Recent research on people who win the lottery show that sudden amounts of money don't guarantee lifelong happiness and prosperity. In fact, a large number of winners wind up being broke. This gives rise to the old adage that sudden wealth doesn't change who you are, so much as it reveals who you always were. Basically if you were a spendthrift idiot before hitting the lotto, you're going to be as big an idiot as ever, but with more money to spend and a red Ferrari you might wind up living in.
The same is true of virtual meetings. They don't (always, permanently) change your team's dynamics, but can certainly reveal the strengths and challenges present in your work group. A very good post from Justin Jones at Interactive Associates makes this point nicely.
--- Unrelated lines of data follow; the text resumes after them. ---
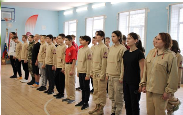
Участники обучающего семинара «Школа командиров»

Завершился первый этап обучающего семинара Регионального отделения ВВПОД «ЮНАРМИЯ» Кировской области «Школа командиров», в котором приняли участие ученики и Нагорской школы.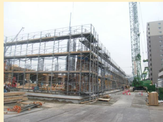
外部足場組立状況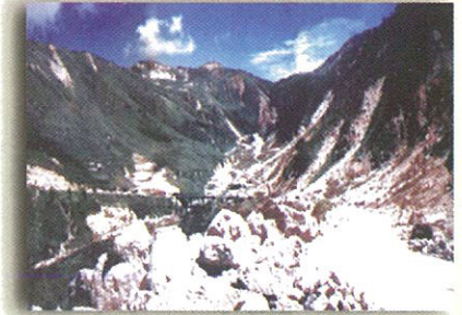
Ang landslide sa Marcos Highway sa Benguet noong Hulyo 16, 1990 ay dulot na pagyanig mula sa lindol.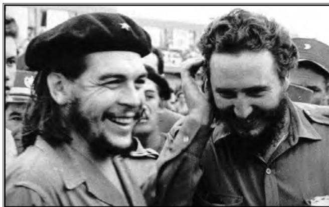
Che Guevara i Castro

Guevara danas predstavlja simbol otpora prema sveprisutnom i vladajućem kapitalizmu, a njegovo poznato bradato i vojničko lice, postalo je simbolom nade i borbe za bolji svijet. Ponekad se u tolikoj mjeri pretjeruje da ga se naziva Kristom komunizma uspoređujući ga s Isusom koji je također želio promijeniti svijet. (1)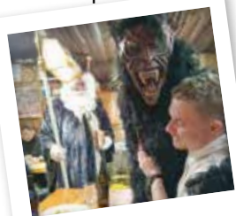
Der Krampus holt die "Schwindler"

If your team is proactive about reaching out, eager to participate and contribute and is excited about their work, online collaboration tools are a great boon. You can do things much faster than trying to get everyone's calendars together and trying to find an available conference room.
On the other hand, if people don't trust each other, aren't willing to exert themselves to help out or don't feel their input will be valued enough to warrant the extra effort, there will be silence on conference calls, no response to calls for input on problems, and a general malaise blamed on working remotely.
Just as a potload of money doesn't suddenly give you the wisdom to invest wisely, spend sanely and say no to your relatives, the ability to connect instantly from anywhere on the planet and in multiple ways doesn't mean people will take advantage of the opportunity.
In fact, it's frequently the opposite. If I'm not excited by what we're discussing, it's easy for me to "multitask" and check email instead of paying attention. If I don't believe my boss really wants my input, I can sit passively in a way I probably couldn't in a conference room where I'm in her line of sight.
What this all means is that technology isn't the root of the problem, but it is a complicating factor that magnifies the underlying issues of trust, competence and communication. Yes, you have to learn the tools, use them effectively and have access to them when you need them. More than that, though, leaders need to create, monitor and maintain an atmosphere where people can not only communicate at the speed of light, but actually want to make the effort.
Just as with winning the lottery, finding yourself working in a remote project team or work group doesn't magically create or destroy a team's cohesion. It simply reveals how it's really working and where as a leader you need to put your efforts.
It might feel like the odds are more in favor of winning the lottery than pulling this off. They're not, and you can actually do something to improve them if you're willing.